Your task: Repeat verbatim, and only, the lines of the data below, beginning at the line that contains "三年级数学下册1-8单元易错重点归纳,寒假抢先预习!可打印" and stopping after the line that contains "A minimalist 800mm".

Data shown:
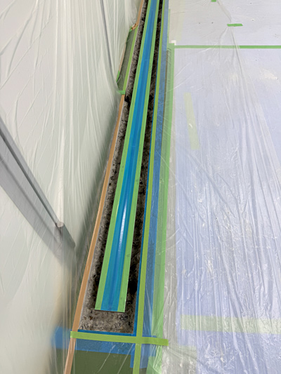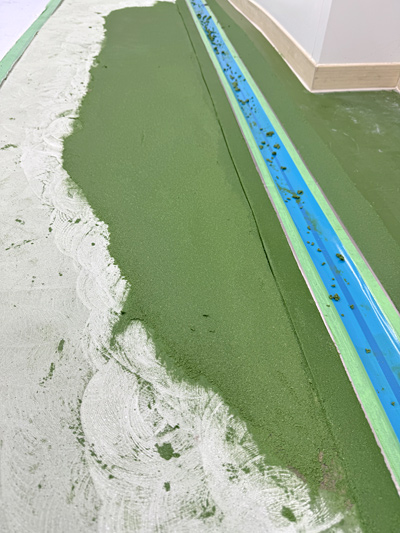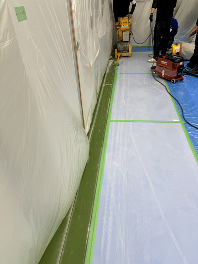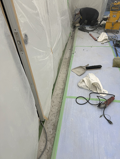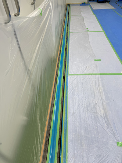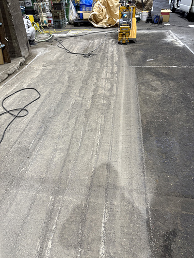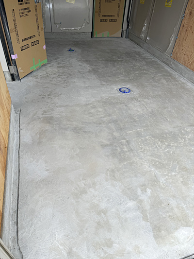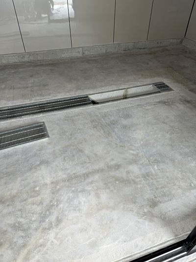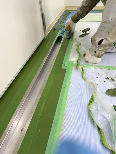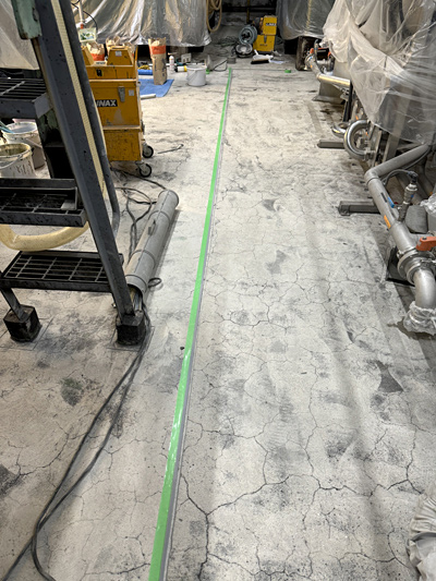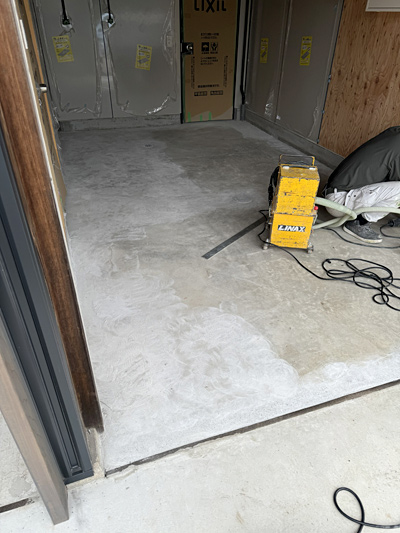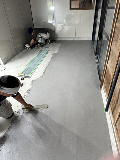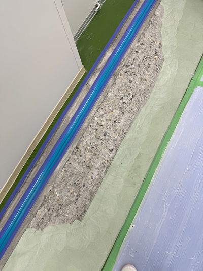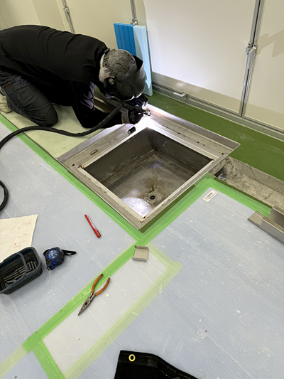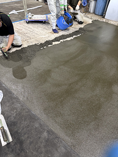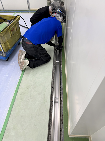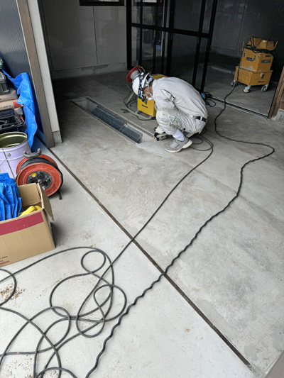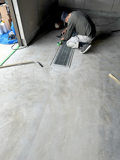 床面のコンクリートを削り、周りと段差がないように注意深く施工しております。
--
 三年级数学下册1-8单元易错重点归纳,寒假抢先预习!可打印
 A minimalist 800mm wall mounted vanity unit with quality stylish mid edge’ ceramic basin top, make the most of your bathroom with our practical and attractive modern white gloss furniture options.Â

Solution for this task:
 三年级数学下册1-8单元易错重点归纳,寒假抢先预习!可打印
 A minimalist 800mm wall mounted vanity unit with quality stylish mid edge’ ceramic basin top, make the most of your bathroom with our practical and attractive modern white gloss furniture options.Â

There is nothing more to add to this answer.